My friend Judy Eastwood sent me a newspaper article from the Maine Sunday Telegram of May 20th, which tells the story of a Gorham, Maine man who went to Japan in the late 1800s to teach English, and ended up teaching them far more:

On a day in 1872 or a year later, depending on who's telling the story, Horace Wilson decided his students at the First Higher School of Tokyo needed to get away from their class lessons. A little physical exercise in the form of hitting a ball, throwing it and running would get the blood pumping.

The game was baseball, of course. If you've read the end notes to Samurai Shortstop, you'll know that Horace Wilson is credited with introducing baseball to Japan--although the sources I had said that Wilson wasn't a teacher at First Higher, but at Tokyo University. (Otherwise I might have used him as a character!)

What I find most interesting about the article is how Japanese baseball officials went looking for someone from Horace Wilson's family to represent him during Wilson's induction into the Japanese Baseball Hall of Fame in 2001:

A century passed before a representative of Asahi Shimbun, one of Japan's national newspapers, showed up at the Wilson farm, now owned by Abigail Sanborn and Balcomb. "We didn't have any idea what he wanted," said Balcomb, who teaches calculus and contemporary math, among other classes, at Saint Joseph's College of Maine.
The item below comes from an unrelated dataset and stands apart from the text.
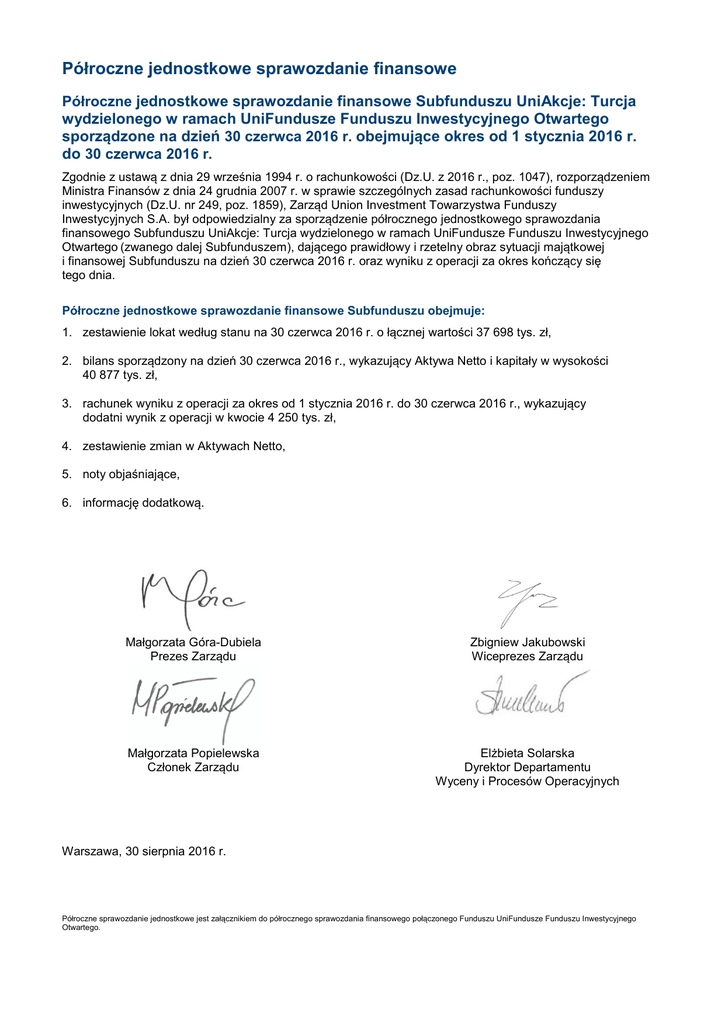 Półroczne jednostkowe sprawozdanie finansowe Półroczne jednostkowe sprawozdanie finansowe Subfunduszu UniAkcje: Turcja wydzielonego w ramach UniFundusze Funduszu Inwestycyjnego Otwartego sporządzone na dzień 30 czerwca 2016 r. obejmujące okres od 1 stycznia 2016 r. do 30 czerwca 2016 r. Zgodnie z ustawą z dnia 29 września 1994 r. o rachunkowości (Dz.U. z 2016 r., poz. 1047), rozporządzeniem Ministra Finansów z dnia 24 grudnia 2007 r. w sprawie szczególnych zasad rachunkowości funduszy inwestycyjnych (Dz.U. nr 249, poz. 1859), Zarząd Union Investment Towarzystwa Funduszy Inwestycyjnych S.A. był odpowiedzialny za sporządzenie półrocznego jednostkowego sprawozdania finansowego Subfunduszu UniAkcje: Turcja wydzielonego w ramach UniFundusze Funduszu Inwestycyjnego Otwartego (zwanego dalej Subfunduszem), dającego prawidłowy i rzetelny obraz sytuacji majątkowej i finansowej Subfunduszu na dzień 30 czerwca 2016 r. oraz wyniku z operacji za okres kończący się tego dnia. Półroczne jednostkowe sprawozdanie finansowe Subfunduszu obejmuje: 1. zestawienie lokat według stanu na 30 czerwca 2016 r. o łącznej wartości 37 698 tys. zł, 2. bilans sporządzony na dzień 30 czerwca 2016 r., wykazujący Aktywa Netto i kapitały w wysokości 40 877 tys. zł, 3. rachunek wyniku z operacji za okres od 1 stycznia 2016 r. do 30 czerwca 2016 r., wykazujący dodatni wynik z operacji w kwocie 4 250 tys. zł, 4. zestawienie zmian w Aktywach Netto, 5. noty objaśniające, 6. informację dodatkową. Małgorzata Góra-Dubiela Prezes Zarządu Zbigniew Jakubowski Wiceprezes Zarządu Małgorzata Popielewska Członek Zarządu Elżbieta Solarska Dyrektor Departamentu Wyceny i Procesów Operacyjnych Warszawa, 30 sierpnia 2016 r. Półroczne sprawozdanie jednostkowe jest załącznikiem do półrocznego sprawozdania finansowego połączonego Funduszu UniFundusze Funduszu Inwestycyjnego Otwartego. subfundusz UniAkcje: Turcja w UniFundusze Fundusz Inwestycyjny Otwarty Tabela główna 30.06.2016 Składniki lokat Akcje Wartość według ceny nabycia (w tys. zł) 33055 31.12.2015 Wartość według wyceny na dzień bilansowy (w tys. zł) 37687 Procentowy udział w aktywach ogółem (w %) 91,45 Wartość według ceny nabycia (w tys. zł) 48232 Wartość według wyceny na dzień bilansowy (w tys. zł) 45610 Procentowy udział w aktywach ogółem (w %) 94,27 Warranty subskrypcyjne Prawa do akcji Prawa poboru Nie dotyczy Kwity depozytowe Nie dotyczy Listy zastawne Dłużne papiery wartościowe Instrumenty pochodne 0 11 0,03 0 0 0,00 45610 94,27 Udziały w spółkach z ograniczoną odpowiedzialnością Jednostki uczestnictwa Certyfikaty inwestycyjne Tytuły uczestnictwa emitowane przez instytucje wspólnego inwestowania mające siedzibę za granicą Wierzytelności Nie dotyczy Weksle Nie dotyczy Depozyty Waluty Nieruchomości Statki morskie Inne Razem 33055 37698 91,48 48232 subfundusz UniAkcje: Turcja w UniFundusze Fundusz Inwestycyjny Otwarty Tabela uzupełniająca Akcje Rodzaj rynku Nazwa rynku Kraj siedziby emitenta Liczba Wartość wedlug ceny nabycia (w tys. zł) Wartość wedlug wyceny na dzień bilansowy (w tys. zł) Procentowy udział w aktywach ogółem (w %) Notowane na rynku aktywnym Akbank TAS ISIN: TRAAKBNK91N6 Aktywny rynek – rynek regulowany Istambul Stock Exchange 313000 Turcja 2921 3557 8,63 Akcansa Cimento ISIN: TRAAKCNS91F3 Aktywny rynek – rynek regulowany Istambul Stock Exchange 23905 Turcja 375 450 1,09 Arcelik AS ISIN: TRAARCLK91H5 Aktywny rynek – rynek regulowany Istambul Stock Exchange 33200 Turcja 827 869 2,11 Aselsan Elektronik Sanayi Ve Ticaret AS ISIN: TRAASELS91H2 Aktywny rynek – rynek regulowany Istambul Stock Exchange 48800 Turcja 464 639 1,55 BIM Birlesik Magazalar AS ISIN: TREBIMM00018 Aktywny rynek – rynek regulowany Istambul Stock Exchange 17302 Turcja 1116 1345 3,26 Bolu Cimento Sanayii AS ISIN: TRABOLUC91F3 Aktywny rynek – rynek regulowany Istambul Stock Exchange 66184 Turcja 585 504 1,22 BRISA BRIDGESTONE SABANCI ISIN: TRABRISA91E3 Aktywny rynek – rynek regulowany Istambul Stock Exchange 45097 Turcja 465 443 1,08 Cimsa Cimento Sanayi VE Tica ISIN: TRACIMSA91F9 Aktywny rynek – rynek regulowany Istambul Stock Exchange 15798 Turcja 258 330 0,80 Coca-Cola Icecek AS ISIN: TRECOLA00011 Aktywny rynek – rynek regulowany Istambul Stock Exchange 18600 Turcja 1055 899 2,18 DO & CO AG ISIN: AT0000818802 Aktywny rynek – rynek regulowany Istambul Stock Exchange 2012 Austria 872 699 1,70 Emlak Konut Gayrimenkul Yatirim ISIN: TREEGYO00017 Aktywny rynek – rynek regulowany Istambul Stock Exchange 310000 Turcja 1006 1227 2,98 Enka Insaat ve Sanayi AS ISIN: TREENKA00011 Aktywny rynek – rynek regulowany Istambul Stock Exchange 57144 Turcja 287 358 0,87 Eregli Demir ve Celik Fabrikalari TAS ISIN: TRAEREGL91G3 Aktywny rynek – rynek regulowany Istambul Stock Exchange 131000 Turcja 481 748 1,82 Ford Otomotiv Sanayi AS ISIN: TRAOTOSN91H6 Aktywny rynek – rynek regulowany Istambul Stock Exchange 29010 Turcja 1145 1243 3,02 Haci Omer Sabanci Holding AS ISIN: TRASAHOL91Q5 Aktywny rynek – rynek regulowany Istambul Stock Exchange 93500 Turcja 1072 1219 2,96 Indeks Bilgisayar Sistemleri Muhendislik Sanayi ve Ticaret AS ISIN: TREINDX00019 Aktywny rynek – rynek regulowany Istambul Stock Exchange 68143 Turcja 720 734 1,78 IS YATIRIM MENKUL DEGERLER A ISIN: TREISMD00011 Aktywny rynek – rynek regulowany Istambul Stock Exchange 352 Turcja 0 0 0,00 Kardemir Karabuk Demir Celik Sanayi ve Ticaret AS ISIN: TRAKRDMR91G7 Aktywny rynek – rynek regulowany Istambul Stock Exchange 22093 Turcja 0 39 0,10 Koc Holding AS ISIN: TRAKCHOL91Q8 Aktywny rynek – rynek regulowany Istambul Stock Exchange 35000 Turcja 577 636 1,54 Koza Altin Isletmeleri AS ISIN: TREKOAL00014 Aktywny rynek – rynek regulowany Istambul Stock Exchange 15507 Turcja 466 278 0,68 Logo Yazilim Sanayi Ve Ticaret AS ISIN: TRALOGOW91U2 Aktywny rynek – rynek regulowany Istambul Stock Exchange 9365 Turcja 594 640 1,55 O

The Japanese weren't satisfied with the notion that baseball just happened to take root in their country. They wanted the man responsible for planting the seed. Their evidence pointed to Horace Wilson. To honor him properly and promote baseball in Japan, his family had to be found.

In June 2001, a small delegation arrived at the farm to formally invite Wilson family members to Japan. The newspaper, along with Japanese baseball federations, planned a ceremony to recognize Uncle Horace before the 83rd National High School Baseball Championship Series at the famed Koshien Stadium in Nishinomiya. Dice-K had pitched his Yokohama team to the championship at Koshien three years earlier.

"It was a terribly hot day," said Balcomb of the second visit. "We were haying. I was in the barn, up to my knees in manure, milking, and one of the Japanese came in to watch. He didn't speak English."